Maitland et al. proposed that increases in BP after treatment with agents targeting VEGF signaling may be an effective biomarker of VEGF signaling inhibition and that dose titration causing an increase in BP may produce better antitumor effects and subsequently improve clinical outcomes in cancer patients as intended [39]. Future prospective studies are needed to validate these preliminary observations. However, there has been discussion that discontinuing these agents because of BP increases may hinder overall cancer treatment.

11. Summary

As cancer screening methods and detection rates for common cancers such as breast and colorectal cancer continue to improve, many primary care physicians will likely care for cancer patients being treated with VEGF inhibitors. These physicians and other healthcare providers will be asked to help manage their patients' hypertension and other comorbidities. It is imperative that these clinicians be familiar with the fact that hypertension can be induced by VEGF inhibitors. The currently recommended management of VEGF-induced hypertension is similar to the management of hypertension outlined in the JNC 7 guidelines. However, baseline BP measurement should be performed prior to administering any VEGF inhibitor, and elevated BP should be treated if it is not in the normotensive ranges recommended by the JNC 7 criteria. All patients should have careful BP monitoring during treatment, and aggressive BP treatment should be instituted when increases in BP are noted. Monitoring should be continued after treatment completion in those patients who have increased BP during treatment until the BP normalizes [41]. Treatment selections include ACE inhibitors and calcium channel blockers, but that decision should be made on the basis of individual patients' characteristics, the type of VEGF agent used, and other coexisting comorbidities. Those patients with undiagnosed hypertension at baseline should be diagnosed and treated appropriately before VEGF-inhibitor therapy is initiated.
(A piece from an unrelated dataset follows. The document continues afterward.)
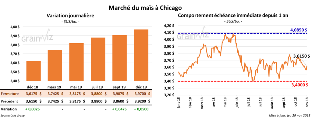Ce mercredi, encouragés par la bonne performance observée dans le secteur du soya et par la faiblesse du dollar US, les contrats de maïs à Chicago ont terminé en hausse de 2 ¾ à 4 ¾ cents.

As research continues to seek newer, more effective classes of pharmaceuticals to treat cancer, other harmful side effects like hypertension may be discovered. Careful reporting of adverse events is needed so that treatment-associated events can be recognized and promptly addressed with appropriate interventions so that oncologic interventions can be administered safely.

VEGF inhibitors utilized in oncologic care in the United States include bevacizumab (Avastin), sorafenib (Nexavar), sunitinib (Sutent), nilotinib (Tasigna), pazopanib (Votrient), and dasatinib (Sprycel).

VEGF inhibitors frequently increase BP readings during treatment.

Patients with hypertension and other cardiac comorbidities should be carefully assessed prior to initiating treatment with VEGF inhibitors.

Baseline BP readings should be taken prior to VEGF inhibitor treatment, and those patients with prehypertension and undiagnosed hypertension should be started on appropriate anti-hypertensive management.

Patients with uncontrolled hypertension prior to initiating treatment with VEGF inhibitors should undergo appropriate evaluation and treatment so that BP control is achieved.

At this time, the JNC 7 guidelines for diagnosis and management of hypertension are appropriate for VEGF-induced hypertension.

ACE inhibitors and calcium channel blockers have been utilized to manage VEGF-induced hypertension. However, no significant evidence exists to support these selections, and, therefore, hypertension treatment selections should be made on the basis of JNC 7 recommendations.

Multiple antihypertensives may be necessary for some patients with VEGF-induced hypertension.

Posttreatment (no longer being treated with a VEGF agent) monitoring may be necessary for those patients who develop hypertension while on treatment.

Treatment should be discontinued in patients who develop malignant hypertension.

Treatment should be discontinued in patients who develop severe hypertension until appropriate hypertension management is attained.

Some VEGF inhibitors can prolong the QTc interval. Periodic ECG monitoring is required in patients with a history of, or who are at risk of, prolonged QT interval syndrome (those patients with electrolyte abnormalities or those patients on multiple medications that can induce or inhibit VEGF inhibitors).

Because some VEGF inhibitors can cause fluid retention in patients, assessment of cardiopulmonary function is required.